À raison d’un film par an, vous êtes un réalisateur prolifique qui ne cesse de surprendre puisque vous vous essayez tout autant au drame qu’à la comédie, au thriller qu’au teen-movie ou au film chorale. D’où vient cette volonté d’explorer ces différents genres cinématographiques ?
François Ozon : Je n’ai pas vraiment de stratégie ou de plan de carrière, j’essaye juste de suivre mon désir. Je suis un cinéaste qui aime toutes sortes de cinémas et d’acteurs et je pense que le genre du film vient d’abord du sujet qu’il traite. Je trouvais intéressant d’aborder cette histoire sous forme de comédie, car elle se passe dans les années 30 donc il y avait une distance par rapport à aujourd’hui. Peut-être que si je l’avais traité à notre époque, ça n’aurait pas été une comédie mais un drame dans l’esprit de Grâce à Dieu, un film sur la libération de la parole des femmes. J’avais quand même envie de revenir à la légèreté et à un esprit de comédie que j’avais déjà pu côtoyer avec 8 femmes et Potiche. C’est un matériau qui date du siècle dernier, il y avait une volonté de stylisation, de recréer le Paris des années 30 et de travailler avec des grands acteurs et des acteurs moins connus, ça participait à quelque chose que j’avais déjà fait auparavant.
Comment avez-vous découvert la pièce de théâtre de Georges Berr et Louis Verneuil, créée en 1934, et qu’est-ce qui vous a donné envie d’adapter ?
François Ozon : Pendant le confinement, je regardais les films d’une actrice un peu oubliée qui s’appelle Carole Lombard et un ami m’a conseillé La folle confession adapté de la pièce de Georges Berr et Louis Verneuil. J’ai trouvé le film moyen mais j’ai eu envie de relire la pièce et j’y ai trouvé matière à faire un film autour d’une fausse coupable qui s’accuse d’un crime. À partir de là, j’ai beaucoup transformé la pièce. Je l’ai ramené dans le milieu du cinéma, j’ai changé le sexe de certains personnages et j’ai fait en sorte qu’elle résonne avec les thèmes d’aujourd’hui. Initialement, la pièce était très axée sur la justice. J’ai voulu que le centre du film soit la complicité de deux jeunes filles qui tentent de s’en sortir dans ce monde hostile et patriarcal des années 30.

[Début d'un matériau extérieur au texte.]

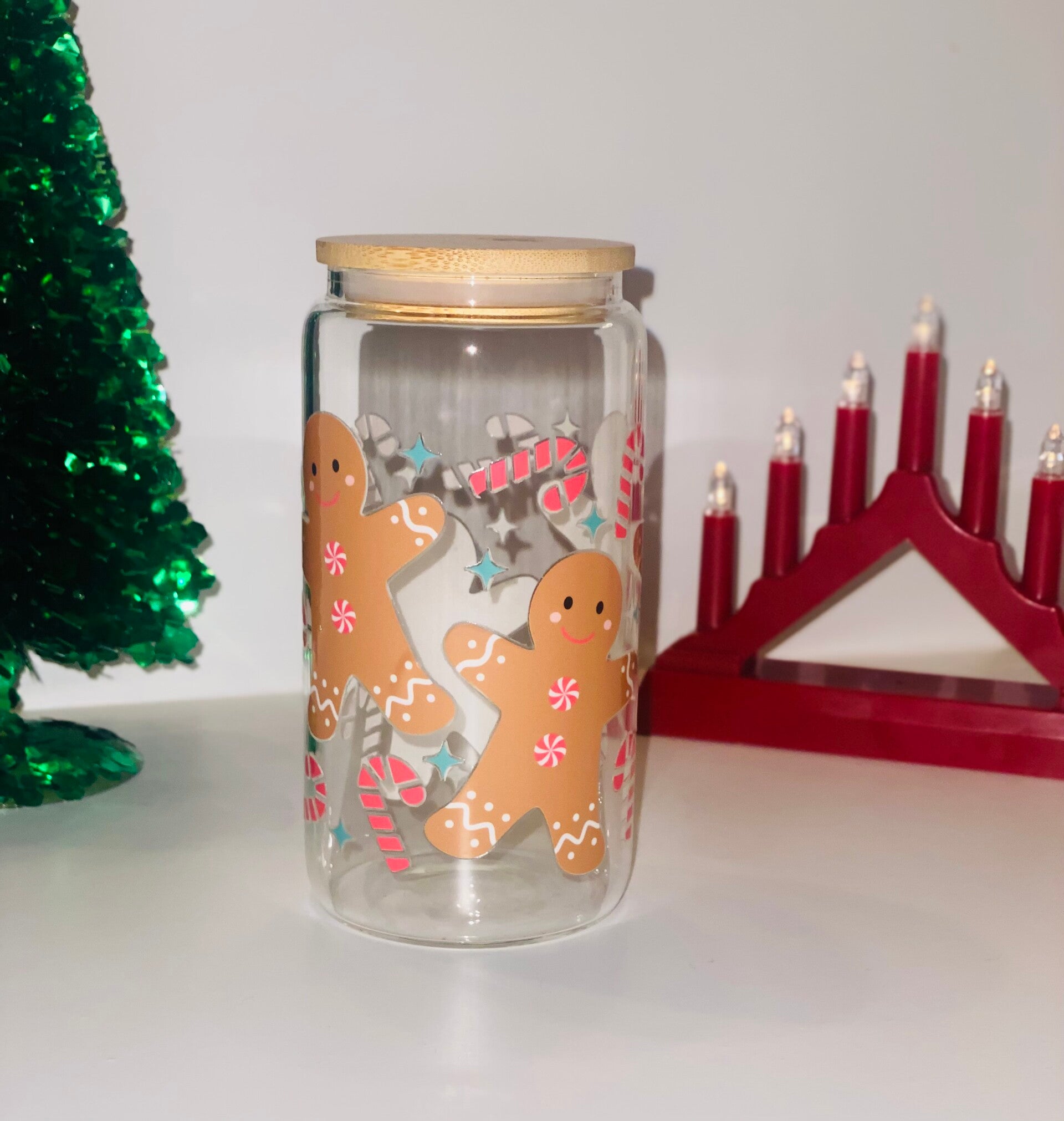 Kerst Drinkbeker met Bamboe Deksel – Bedrukt met Feestelijke DTF-print

Comment prépare-t-on un rôle dans une époque qu’on a pas connu ?
Nadia Tereszkiewicz : François m’a montré beaucoup de vieux films dont je me suis inspirée. J’ai découvert et pris un plaisir fou devant les comédies de Lou Beach, Sacha Guitry et Billy Wilder. C’était intéressant de reconstituer cette époque, tout en restant nous-mêmes et en apportant notre jeunesse avec Rebecca Marder notamment. Les années 30, c’est l’âge d’or du cinéma, les costumes font rêver. Pascaline Chavanne, la cheffe costumière, s’inspirait de Barbara Stanwyck et de plein d’autres actrices.
Qu’en fut-il des décors ?
François Ozon : C’était compliqué de retrouver les années 30, parce qu’elles n’existent plus vraiment dans les rues de Paris. Avec Jean Rabasse, le chef décorateur, on voulait se concentrer sur l’art déco. On a tourné à Bruxelles les scènes de la Villa de Montferrand et à Bordeaux pour les scènes de rue. Beaucoup de choses ont également été faites en studio. J’ai eu la chance d’avoir le budget dont j’avais besoin, afin que la reconstitution soit très précise. Dans une comédie, il y a aussi le plaisir des yeux, des décors, des costumes. On a travaillé le look de Pauline et Madeleine, elles sont à la pointe de la mode des années 30 notamment par rapport à Odette Chaumette, qui est une actrice du début du siècle restée bloquée aux années 10 et qui paraît complètement ringarde. Il était intéressant de raconter les personnages à travers leurs costumes.
Nadia Tereszkiewicz : Mon personnage est une actrice qui possède des costumes. Il y a une mise en abîme, du jeu dans le jeu. Le costume change une posture, une gestuelle, demande une démarche particulière et apporte avec les coiffures et le maquillage, un plaisir fou visuellement.